Overview
There are two major innovations in optimizer statistic collection in the Oracle Database 11g release: pending statistics and extended statistics. In addition, the Statistics Preferences feature has been enhanced so you can easily change statistics collection settings that are different from the database default settings for specific objects.
Statistics Preferences
Although automatic statistics gathering takes the burden of collecting statistics off the DBA, it isn’t perfect. Often, you have to manually collect statistics or provide non- default options for subsets of database objects for which the default statistics collection options aren’t appropriate. For example, you’d have to specify your own sample size for tables with a heavily skewed data distribution, instead of letting the database automatically determine the sample size by using the AUTO_SAMPLE_SIZE value for the estimate_percent attribute. The Statistics Preference feature enables automatic statistics gathering to function better, by allowing you to easily customize statistics collection settings for specific objects that need special treatment. Under the Statistics Preferences feature, when you execute any of the GATHER_*_STATS procedures or the database runs the automatic Optimizer Statistics Gathering task, you can override the default behavior of the procedure and the task at the object or schema level.

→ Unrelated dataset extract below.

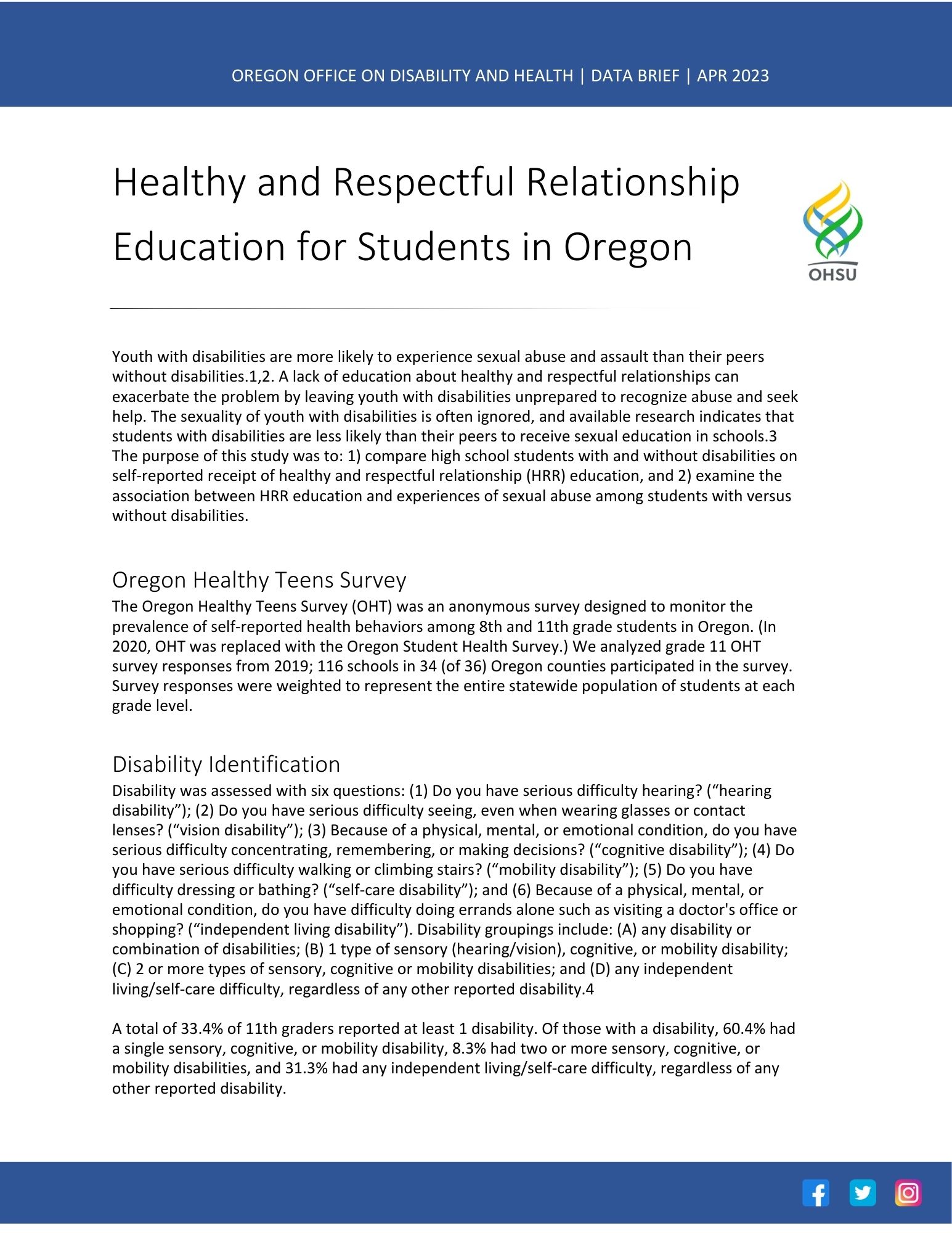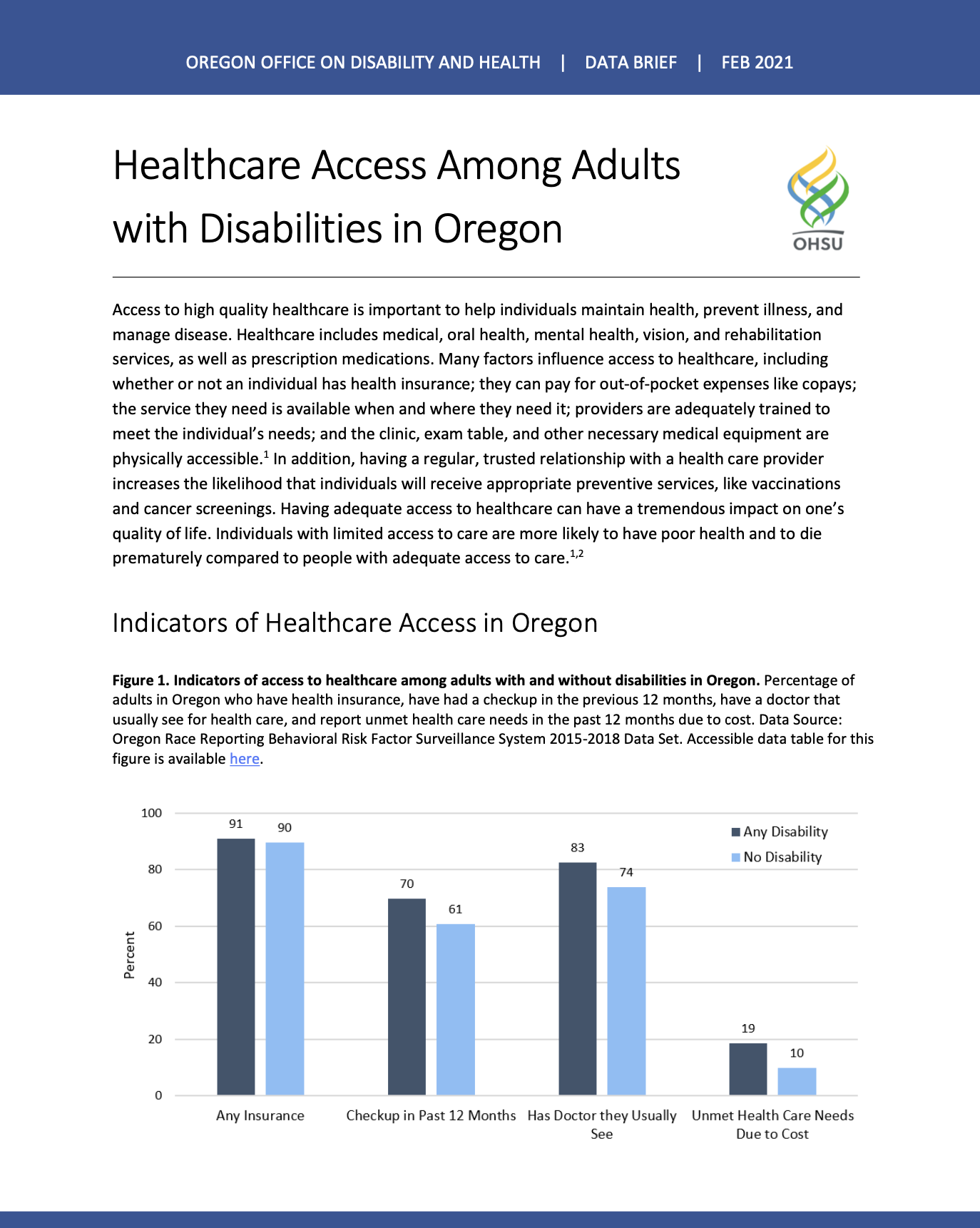 Oregon Office on Disability and Health analyzes Behavioral Risk Factor Surveillance System data (both national and state-specific) each year and highlights significant health disparities found in the disability community in topic-specific data briefs [see below]. The data briefs compare the data from specific questions included in the Behavioral Risk Factor Surveillance System questionnaire's core module that reveal health disparities and reflect the state of health among people with and without disabilities in Oregon in comparison to people with and without disabilities in the United States.

You can view the current settings for statistics preferences by querying the DBA_TAB_STAT_PREFS view, which has the following structure:
SQL> desc dba_tab_stat_prefs
Name Null? Type
----------------------------------------- -------- ----------------------------
OWNER NOT NULL VARCHAR2(30)
TABLE_NAME NOT NULL VARCHAR2(30)
PREFERENCE_NAME VARCHAR2(30)
PREFERENCE_VALUE VARCHAR2(1000)
You can set preferences at the table, schema, database, and global level. A preference set at the database level applies to all tables in the database, whereas the global preferences apply to all tables for which you don’t set any preferences. Preferences you set at a lower granularity level override preferences at a higher level. That is, the preferences are in decreasing order of priority in this list: table level, schema level, database level, global level. A table level preference setting, for example, overrides a database level preference setting.
You could set preferences such as estimate_percent, degree, and method_opt in Oracle Database 10g. In Oracle Database 11g, you can set the following three new options:
- publish: Determines whether the database should make the statistics it collects public by storing them in the data dictionary. This is called publishing the statistics, and it was the only option when the database gathered statistics for any object in Oracle Database 10g. In Oracle Database 11g, if you choose not to automatically make the new statistics public, but rather wait until you confirm that the new statistics are conducive to better performance, the database treats the statistics as pending statistics. You can set the values of TRUE or FALSE for the publish preference.
- stale_percent: Lets you specify the threshold level for classifying an object’s statistics as stale. The parameter uses a percentage of the rows that were modified since the database collected statistics. If, for example, the default is 10 percent for a table, you can change it to 20 percent if you want.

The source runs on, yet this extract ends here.